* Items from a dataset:

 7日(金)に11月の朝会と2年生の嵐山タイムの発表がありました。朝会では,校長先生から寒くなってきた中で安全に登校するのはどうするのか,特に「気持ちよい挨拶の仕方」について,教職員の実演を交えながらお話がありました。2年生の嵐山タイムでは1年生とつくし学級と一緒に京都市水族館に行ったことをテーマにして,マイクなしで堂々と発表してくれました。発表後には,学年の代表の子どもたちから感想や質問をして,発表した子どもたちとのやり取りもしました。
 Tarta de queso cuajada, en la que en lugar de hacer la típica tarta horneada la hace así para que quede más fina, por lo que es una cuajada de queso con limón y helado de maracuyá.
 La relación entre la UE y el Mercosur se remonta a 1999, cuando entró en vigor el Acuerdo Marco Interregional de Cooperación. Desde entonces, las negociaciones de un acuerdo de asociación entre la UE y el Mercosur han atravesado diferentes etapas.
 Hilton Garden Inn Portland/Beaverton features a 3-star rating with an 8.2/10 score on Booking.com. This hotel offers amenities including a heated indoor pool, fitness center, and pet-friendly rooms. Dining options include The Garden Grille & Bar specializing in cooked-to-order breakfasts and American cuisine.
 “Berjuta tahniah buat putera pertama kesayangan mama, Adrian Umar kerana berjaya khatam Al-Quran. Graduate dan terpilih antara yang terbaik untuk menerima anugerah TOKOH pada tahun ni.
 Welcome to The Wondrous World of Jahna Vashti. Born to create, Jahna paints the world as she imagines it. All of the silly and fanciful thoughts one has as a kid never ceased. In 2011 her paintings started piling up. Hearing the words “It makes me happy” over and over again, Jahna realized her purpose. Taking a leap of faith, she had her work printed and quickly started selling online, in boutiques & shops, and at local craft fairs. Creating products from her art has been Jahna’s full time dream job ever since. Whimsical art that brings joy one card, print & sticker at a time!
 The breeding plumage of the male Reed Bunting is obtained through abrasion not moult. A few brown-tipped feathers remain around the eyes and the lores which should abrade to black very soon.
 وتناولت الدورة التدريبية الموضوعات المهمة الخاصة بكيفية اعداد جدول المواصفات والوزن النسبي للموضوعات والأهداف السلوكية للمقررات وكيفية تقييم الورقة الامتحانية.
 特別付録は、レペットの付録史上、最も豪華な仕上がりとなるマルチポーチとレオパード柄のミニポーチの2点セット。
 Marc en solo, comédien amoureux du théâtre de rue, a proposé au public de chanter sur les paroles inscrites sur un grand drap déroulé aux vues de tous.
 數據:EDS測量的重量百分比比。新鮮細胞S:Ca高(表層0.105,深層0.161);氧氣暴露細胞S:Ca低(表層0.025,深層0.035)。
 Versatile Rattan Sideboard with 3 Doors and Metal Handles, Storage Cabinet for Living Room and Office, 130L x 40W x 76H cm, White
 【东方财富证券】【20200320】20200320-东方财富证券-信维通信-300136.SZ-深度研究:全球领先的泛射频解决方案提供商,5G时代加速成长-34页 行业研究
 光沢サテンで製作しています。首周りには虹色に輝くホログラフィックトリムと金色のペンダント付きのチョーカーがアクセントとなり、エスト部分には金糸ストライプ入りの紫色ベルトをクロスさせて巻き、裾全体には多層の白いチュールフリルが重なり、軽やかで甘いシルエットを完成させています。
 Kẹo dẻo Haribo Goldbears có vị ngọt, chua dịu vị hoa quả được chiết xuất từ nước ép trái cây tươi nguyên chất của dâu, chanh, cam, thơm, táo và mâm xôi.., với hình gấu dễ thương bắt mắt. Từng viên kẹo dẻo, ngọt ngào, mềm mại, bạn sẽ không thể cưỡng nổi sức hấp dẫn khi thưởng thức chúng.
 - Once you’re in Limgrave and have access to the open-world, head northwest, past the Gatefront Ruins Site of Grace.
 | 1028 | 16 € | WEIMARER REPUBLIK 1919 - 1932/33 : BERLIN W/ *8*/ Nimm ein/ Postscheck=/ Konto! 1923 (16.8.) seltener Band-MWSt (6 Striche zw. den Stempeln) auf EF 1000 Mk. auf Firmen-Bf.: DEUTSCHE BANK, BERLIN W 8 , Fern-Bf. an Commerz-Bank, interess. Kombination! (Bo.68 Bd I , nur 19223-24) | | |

* REQUIRED ACTION:
The reply should be a precise retyping of all the data.

* EXPECTED ANSWER:
 7日(金)に11月の朝会と2年生の嵐山タイムの発表がありました。朝会では,校長先生から寒くなってきた中で安全に登校するのはどうするのか,特に「気持ちよい挨拶の仕方」について,教職員の実演を交えながらお話がありました。2年生の嵐山タイムでは1年生とつくし学級と一緒に京都市水族館に行ったことをテーマにして,マイクなしで堂々と発表してくれました。発表後には,学年の代表の子どもたちから感想や質問をして,発表した子どもたちとのやり取りもしました。
 Tarta de queso cuajada, en la que en lugar de hacer la típica tarta horneada la hace así para que quede más fina, por lo que es una cuajada de queso con limón y helado de maracuyá.
 La relación entre la UE y el Mercosur se remonta a 1999, cuando entró en vigor el Acuerdo Marco Interregional de Cooperación. Desde entonces, las negociaciones de un acuerdo de asociación entre la UE y el Mercosur han atravesado diferentes etapas.
 Hilton Garden Inn Portland/Beaverton features a 3-star rating with an 8.2/10 score on Booking.com. This hotel offers amenities including a heated indoor pool, fitness center, and pet-friendly rooms. Dining options include The Garden Grille & Bar specializing in cooked-to-order breakfasts and American cuisine.
 “Berjuta tahniah buat putera pertama kesayangan mama, Adrian Umar kerana berjaya khatam Al-Quran. Graduate dan terpilih antara yang terbaik untuk menerima anugerah TOKOH pada tahun ni.
 Welcome to The Wondrous World of Jahna Vashti. Born to create, Jahna paints the world as she imagines it. All of the silly and fanciful thoughts one has as a kid never ceased. In 2011 her paintings started piling up. Hearing the words “It makes me happy” over and over again, Jahna realized her purpose. Taking a leap of faith, she had her work printed and quickly started selling online, in boutiques & shops, and at local craft fairs. Creating products from her art has been Jahna’s full time dream job ever since. Whimsical art that brings joy one card, print & sticker at a time!
 The breeding plumage of the male Reed Bunting is obtained through abrasion not moult. A few brown-tipped feathers remain around the eyes and the lores which should abrade to black very soon.
 وتناولت الدورة التدريبية الموضوعات المهمة الخاصة بكيفية اعداد جدول المواصفات والوزن النسبي للموضوعات والأهداف السلوكية للمقررات وكيفية تقييم الورقة الامتحانية.
 特別付録は、レペットの付録史上、最も豪華な仕上がりとなるマルチポーチとレオパード柄のミニポーチの2点セット。
 Marc en solo, comédien amoureux du théâtre de rue, a proposé au public de chanter sur les paroles inscrites sur un grand drap déroulé aux vues de tous.
 數據:EDS測量的重量百分比比。新鮮細胞S:Ca高(表層0.105,深層0.161);氧氣暴露細胞S:Ca低(表層0.025,深層0.035)。
 Versatile Rattan Sideboard with 3 Doors and Metal Handles, Storage Cabinet for Living Room and Office, 130L x 40W x 76H cm, White
 【东方财富证券】【20200320】20200320-东方财富证券-信维通信-300136.SZ-深度研究:全球领先的泛射频解决方案提供商,5G时代加速成长-34页 行业研究
 光沢サテンで製作しています。首周りには虹色に輝くホログラフィックトリムと金色のペンダント付きのチョーカーがアクセントとなり、エスト部分には金糸ストライプ入りの紫色ベルトをクロスさせて巻き、裾全体には多層の白いチュールフリルが重なり、軽やかで甘いシルエットを完成させています。
 Kẹo dẻo Haribo Goldbears có vị ngọt, chua dịu vị hoa quả được chiết xuất từ nước ép trái cây tươi nguyên chất của dâu, chanh, cam, thơm, táo và mâm xôi.., với hình gấu dễ thương bắt mắt. Từng viên kẹo dẻo, ngọt ngào, mềm mại, bạn sẽ không thể cưỡng nổi sức hấp dẫn khi thưởng thức chúng.
 - Once you’re in Limgrave and have access to the open-world, head northwest, past the Gatefront Ruins Site of Grace.
 | 1028 | 16 € | WEIMARER REPUBLIK 1919 - 1932/33 : BERLIN W/ *8*/ Nimm ein/ Postscheck=/ Konto! 1923 (16.8.) seltener Band-MWSt (6 Striche zw. den Stempeln) auf EF 1000 Mk. auf Firmen-Bf.: DEUTSCHE BANK, BERLIN W 8 , Fern-Bf. an Commerz-Bank, interess. Kombination! (Bo.68 Bd I , nur 19223-24) | | |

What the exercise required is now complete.